Amy Thorn has unveiled other Thorn Hill sparkling wines in the past.
For years the winemaker for the Lancaster, Pennsylvania, producer that sources its grapes from several California counties has made a Brut Cuvée de Prestige, a blend of 60 percent Pinot Noir and 40 percent Chardonnay from the Carneros American Viticultural Area (AVA).
At the second of this year’s release parties, scheduled for 6 to 9 p.m. Friday at the Lancaster tasting room at 1945 Fruitville Pike, she’ll show off a bubby that has its roots in another memorable California vintage, one not involving fires. Tickets for the event are still available and can be purchased at this link.
“I always had this dream that I wanted to make a single-varietal, single-vineyard, and of all the Dijon clones, which are the Pinot Noir clones, Pommard is my favorite,” she said during a recent Zoom interview. “So in 2014, which was the year of the big earthquake – that was the earth-rocking experience – every year we have some major seismic event going on out there.
“So this wine was born out of that. I just decided that I was going to take the Pommard clone and make a 100 percent Pinot Noir sparkling wine. But, to do that, when you have that quality of fruit, I wanted it to age a very, very long time.”
The 2014 “JWT” Vintage Blanc de Noir Reserve spent 60 months in bottle, but more than wine spent time aging in that bottle. There are the memories of the late-August 2014 earthquake, which caused damage to older wines that were maturing in barrels as opposed to spoiling any of the grapes harvested that year. It also was a summer and fall that Jonathan Thorn, Amy and husband Jack’s late son, spent days taking grapes off the vine. “He helped me pick the grapes,” Amy remembered, noting that sparkling was her son’s favorite. Jonathan died in a car accident in Napa County in November 2019. His initials have been included in the name of this bubbly.
“I just really wanted to have a bottle of wine that honors Jonathan,” she said. “When we’d get together we would drink sparkling wine. He was fascinated with the process, the champenoise process. He was there for all of the aspects as we sort of birthed this one together.”
Last fall she talked about making her first blend called Big Magic out of a vintage that saw major fires across wine country. Now there’s this wine, attached by vintage to the worst earthquake in California in 25 years that caused an estimated $50 million in damage to the wine industry.

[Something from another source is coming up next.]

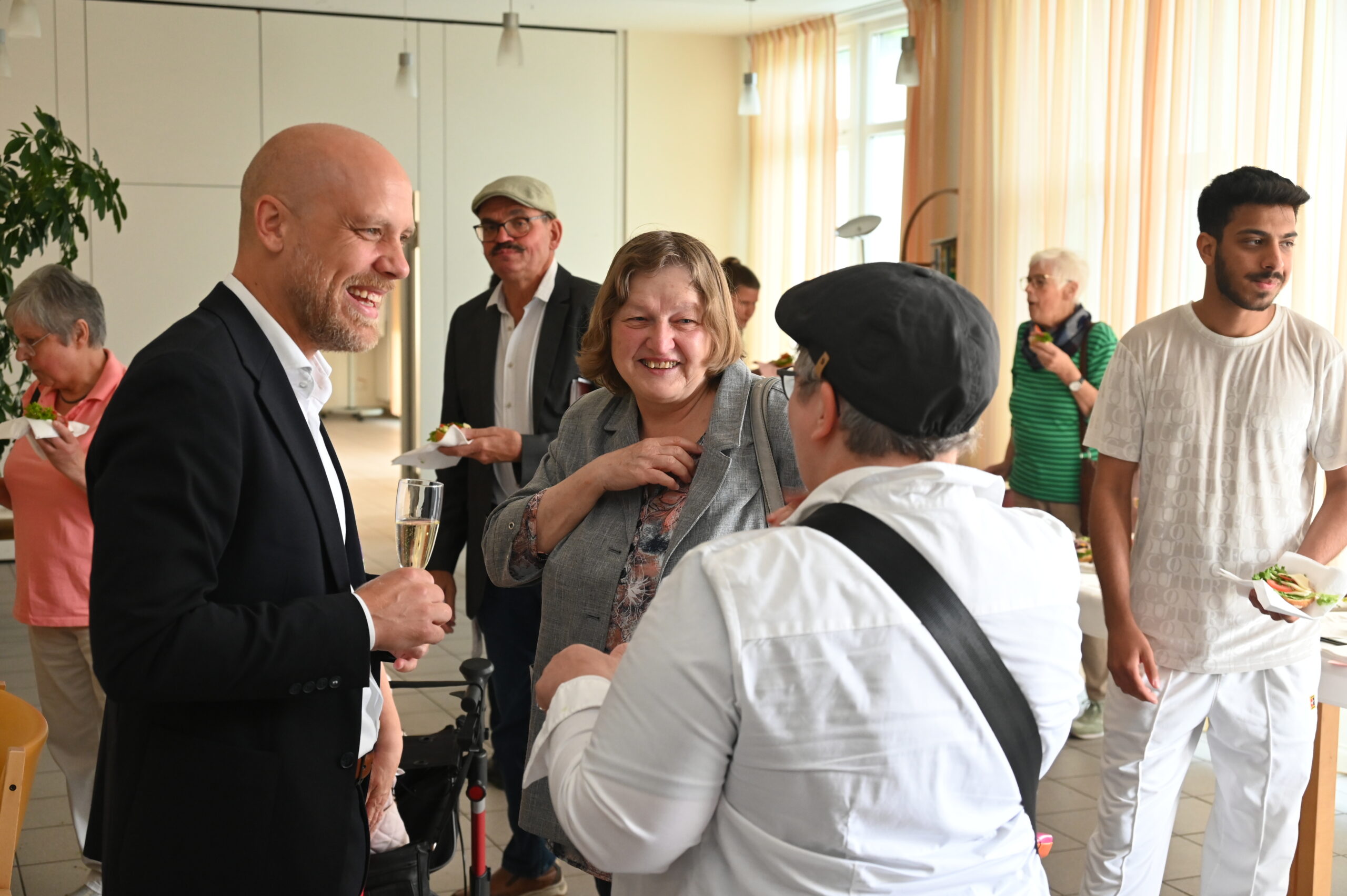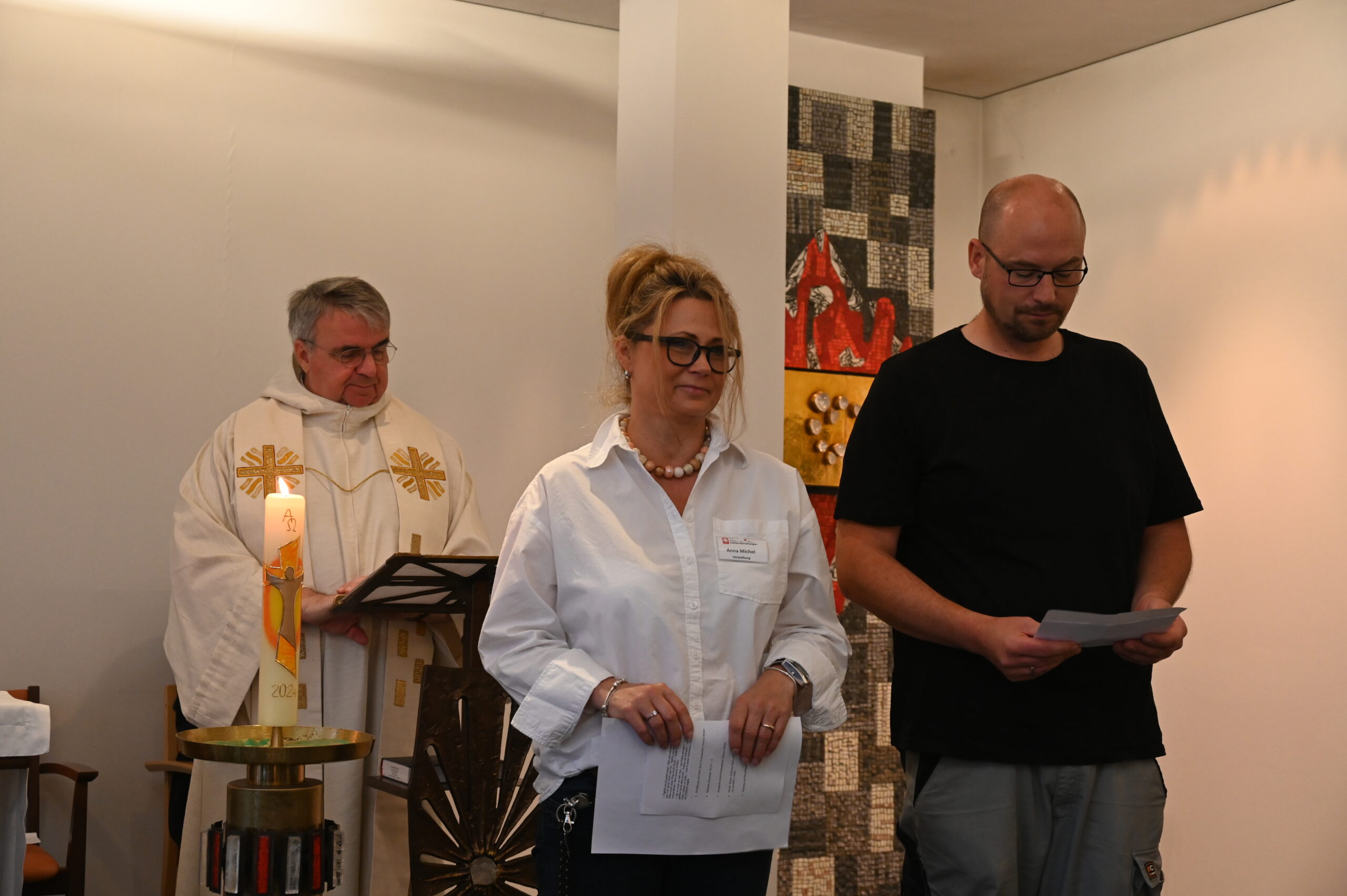 Siedler bedankte sich in seiner Ansprache herzlich bei den Mitarbeiterinnen und Mitarbeitern des Caritas-Marienheimes, bei seinen Eltern für die persönliche Begleitung, aber auch bei Daniela Schweizer, Geschäftsführerin des Marienvereines, Hospizbegleiterin Doris Ehrenreich und Gehörlosenseelsorgerin Claudia Walter für ihr Engagement. Schließlich leben im Marienheim gehörlose Bewohnerinnen, die von einer Hospizgruppe ehrenamtlicher – und selbst gehörloser Frauen – betreut werden. Das deutschlandweit einzigartige Konzept wird im Marienheim bereits seit 2005 gelebt. „Besonders hier ist die körperbetonte Arbeit, denn wer nicht hören kann, benutzt seine Hände und sein offenes Herz“, stellte Walter schmunzelnd fest.

“You know my philosophy,” she said, “that something positive always comes out of a negative. You just have to look for it. And so, for me, the ‘JWT’ in that 2014 year is what I’d consider my crowning achievement as a winemaker is really embodied in this. I’m quite proud of it.”
That will be joined at the release party by Thorn’s Alchemy Cabernet Sauvignon, a product of Clone 337 grapes from vines planted in the volcanic vineyards of Lake Country’s Red Hills.
Similar to the sparkling, she has made plenty of Cabernet Sauvignon. You can take one look at the winery’s portfolio and find a variety of them. But this was her first shot at making a 100 percent varietal out of the clone, which she calls her favorite.
“It’s big, it’s bold, it has unbelievable intense flavors, and it comes from our particular estate there in Lake County,” she said. “Again, in 2017, that was also the year I made Big Magic and I made some standout wines that year, but I really decided I was going to take this clone and age it a little bit longer in French barrels and I wanted people to experience [the clone]. I wanted them to understand why it’s my favorite clone.”
Thorn said the Clone 337 grapes escaped the fires and the smoke taint, and that she had more to source with several new vineyards reaching the point where they could provide some fruit to harvest. It’s a clone she has used in all her other Cabs in the past.
“I just took that clone out early,” she said. “because I just knew what my intent was going to be, that I was going to take this clone and make a distinctive wine. I’ve been wanting to do that for probably 10 years, but I hadn’t done it.
“It was exciting, it was a combination of what I love. It is obviously grown there in the Red Hills. I think that volcanic soul lends itself to 337. I have had it in other terroirs. I still like it. The clone is very distinctive. But I think when it’s grown at a high elevation in volcanic soil, it’s alchemy. It’s magic. It’s magic in your mouth.”
One other new product that’s available in the tasting room is the Legacy Estate Olive Oil. It is flying off the shelf, she said, a development gratifying for several reasons beginning with the fact that Jonathan planted the olive trees.
The entire production process, she said, has been educational,
“With wine, there’s a lot of waste. You have the grape, the seeds, you have everything, and there’s just a little juice that comes out to make the wine. But with olives, there’s even less. You need so many more olives to just get that one tablespoon of olive oil. You don’t realize that until you actually start making them. You look and you have all this tonnage and you see the yields, and you’re like, wow, that’s something
“But the flavors are just so beautiful. We harvested them in 2019 and we harvested most of the olives as late as December,” she said. “So it gave this incredible butteriness to the fruit and the varietals brought a little of that pepper. So it’s like the perfect combination; it’s smooth, it’s like having melted butter in your mouth and has a peppery finish.”